(DATA)
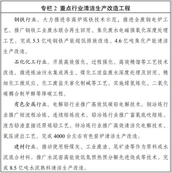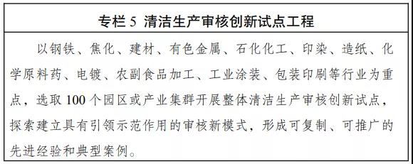 (六)大力推进重点行业清洁低碳改造。严格执行质量、环保、能耗、安全等法律法规标准,加快淘汰落后产能。全面开展清洁生产审核和评价认证,推动能源、钢铁、焦化、建材、有色金属、石化化工、印染、造纸、化学原料药、电镀、农副食品加工、工业涂装、包装印刷等重点行业“一行一策”绿色转型升级,加快存量企业及园区实施节能、节水、节材、减污、降碳等系统性清洁生产改造。在国家统一规划的前提下,支持有条件的重点行业二氧化碳排放率先达峰。在钢铁、焦化、建材、有色金属、石化化工等行业选择100家企业实施清洁生产改造工程建设,推动一批重点企业达到国际清洁生产领先水平。
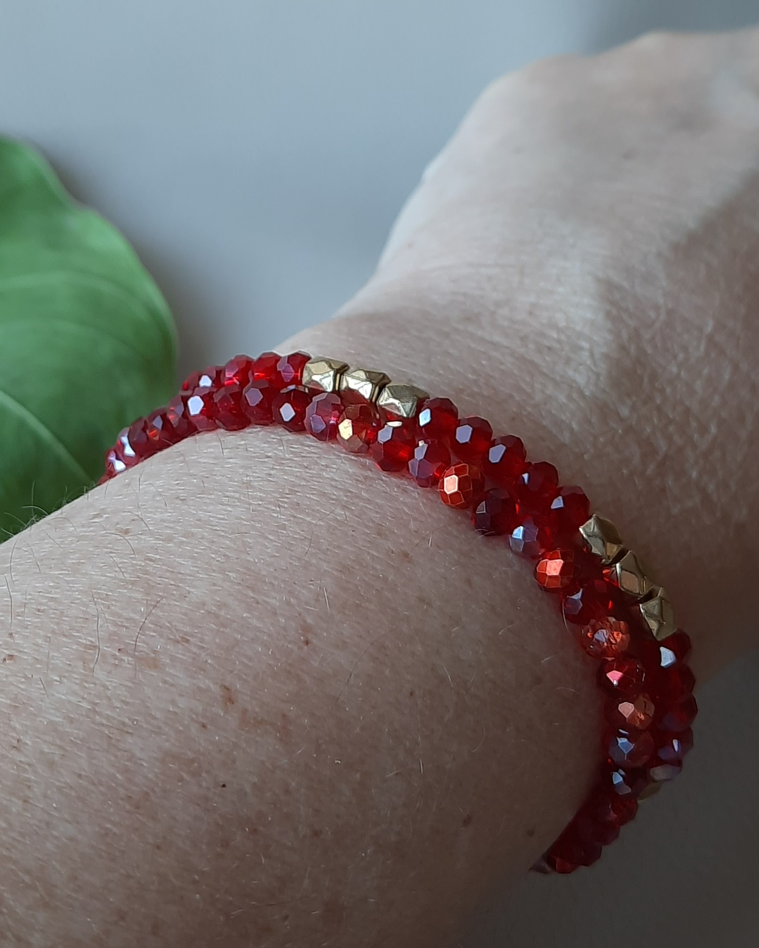 Lidt sparkle til den lille sorte kjole. Røde runde facetterede, glas krystal perler, på stærk elastik snor.
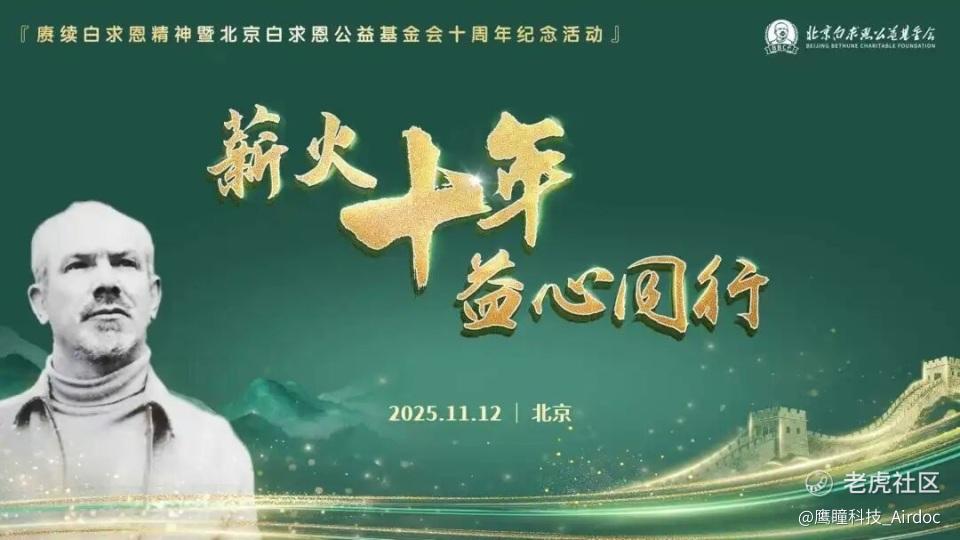 2025年11月12日,时值国际主义战士、加拿大共产党员诺尔曼·白求恩逝世86周年纪念日,“薪火十年,益心同行——赓续白求恩精神暨北京白求恩公益基金会十周年纪念活动”在北京举行,鹰瞳科技(Airdoc)作为公益领域爱心企业群体中的一员,共同见证了这份属于所有公益同行者的荣光时刻。
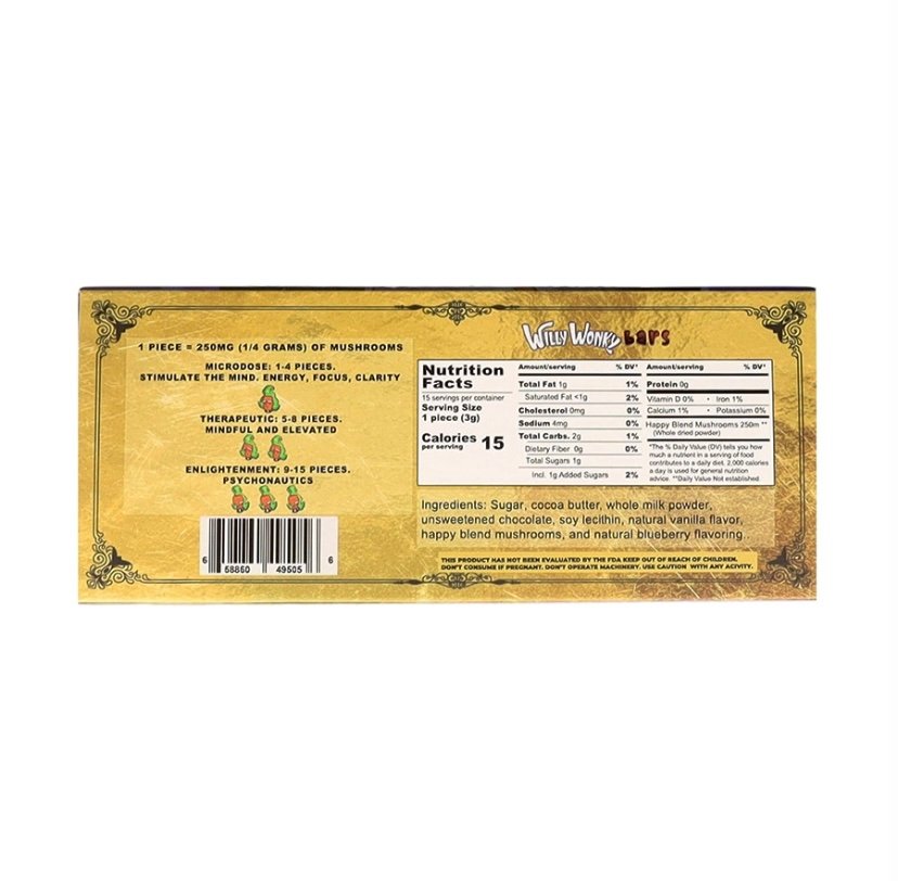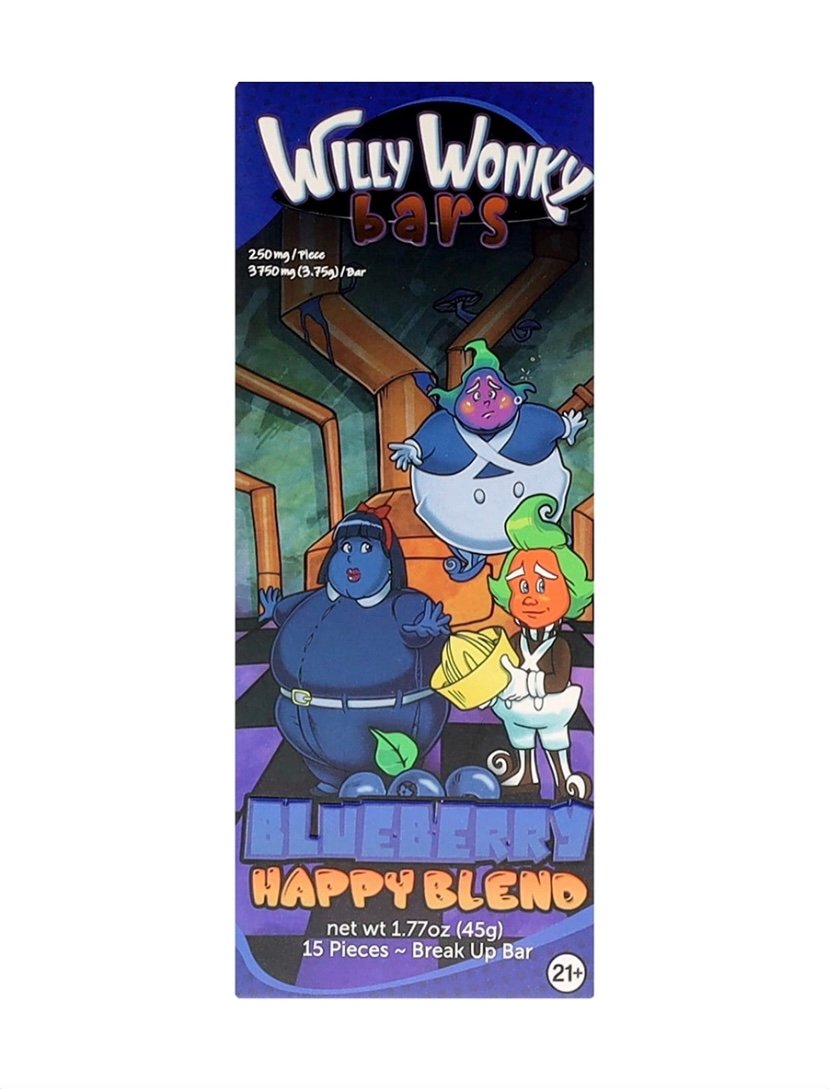 BRAND Willy Wonky Bars PRODUCT TYPE Edibles, Mushroom Chocolate STRENGTH 3750mg AMOUNT PER SERVING 250mg PIECES PER BAR 15 STRAIN Blueberry
(End DATA)
■ ASSIGNED TASK: Word for word, restate all of the material above except its pictures.

■ RESULT:
 (六)大力推进重点行业清洁低碳改造。严格执行质量、环保、能耗、安全等法律法规标准,加快淘汰落后产能。全面开展清洁生产审核和评价认证,推动能源、钢铁、焦化、建材、有色金属、石化化工、印染、造纸、化学原料药、电镀、农副食品加工、工业涂装、包装印刷等重点行业“一行一策”绿色转型升级,加快存量企业及园区实施节能、节水、节材、减污、降碳等系统性清洁生产改造。在国家统一规划的前提下,支持有条件的重点行业二氧化碳排放率先达峰。在钢铁、焦化、建材、有色金属、石化化工等行业选择100家企业实施清洁生产改造工程建设,推动一批重点企业达到国际清洁生产领先水平。
 Lidt sparkle til den lille sorte kjole. Røde runde facetterede, glas krystal perler, på stærk elastik snor.
 2025年11月12日,时值国际主义战士、加拿大共产党员诺尔曼·白求恩逝世86周年纪念日,“薪火十年,益心同行——赓续白求恩精神暨北京白求恩公益基金会十周年纪念活动”在北京举行,鹰瞳科技(Airdoc)作为公益领域爱心企业群体中的一员,共同见证了这份属于所有公益同行者的荣光时刻。
 BRAND Willy Wonky Bars PRODUCT TYPE Edibles, Mushroom Chocolate STRENGTH 3750mg AMOUNT PER SERVING 250mg PIECES PER BAR 15 STRAIN Blueberry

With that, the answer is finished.